Does your julia know that this returns true if s and ss are strings?

The compiler knows that ints are immutable, and I’m trying to figure out whether the compiler “knows” that strings are immutable (i.e. are strings immutable-by-convention or immutable-by-compiler-assumptions / UB).

It’s even better in Julia. str = a * b * c calls a multi-argument * method that results in a single call to string(a, b, c), which calls a specialized string-concatenation method that should be faster than writing to an IOBuffer because it computes the final size in advance rather than iteratively growing a buffer.

(Of course, maybe Java implementations have a similar optimization rather than literally using a StringBuilder instance?)

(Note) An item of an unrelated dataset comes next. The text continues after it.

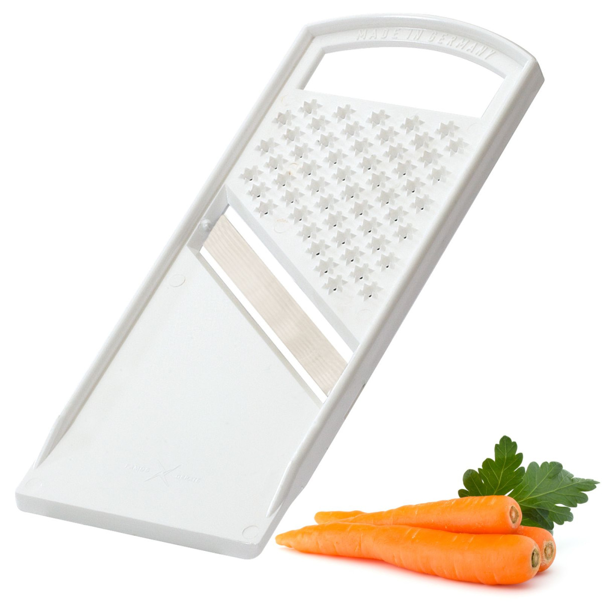Der kleine und handliche Gemüseschneider verfügt über eine beidseitig schneidende Klinge. Er ist geeignet für Käse, Gewürze oder Früchte.

I love that it’s (usually) so easy in Julia to trace through the implementation of a “basic” operation like *, which in most other languages would be buried in compiler internals, e.g. simply by typing @edit "a" * "b" * "c".

14 Likes

As far as I know, it does know, but Strings are currently explicitly excluded from such const evals during compilation. See e.g. Concatenation of string constants isn't concretely evaluated, but is inferred as a `Const` · Issue #54921 · JuliaLang/julia · GitHub for another example where const eval of String would in principle be beneficial.

I couldn’t get Cthulhu.jl to work on my laptop, so I can’t check whether foo would infer as Const(true).

1 Like

You could have extra capacity immutable strings, and still allow mutating them for concatenation only, i.e. your new and old string would point to the same heap object and add to it. The pointers would only be accommodated by different lengths. [This also means strings can’t be zero terminated by default, but for Cstring, they can be had by one such mutable 0 addition.]

I think that’s enough for you, and if not, then it’s rather useless to mutate strings in general? It doesn’t work for UTF-8, so you would be assuming an ASCII subset for the full string. So I’m curious is it only important for you to concatenate, or to mutate in the string, and then only for ASCII strings?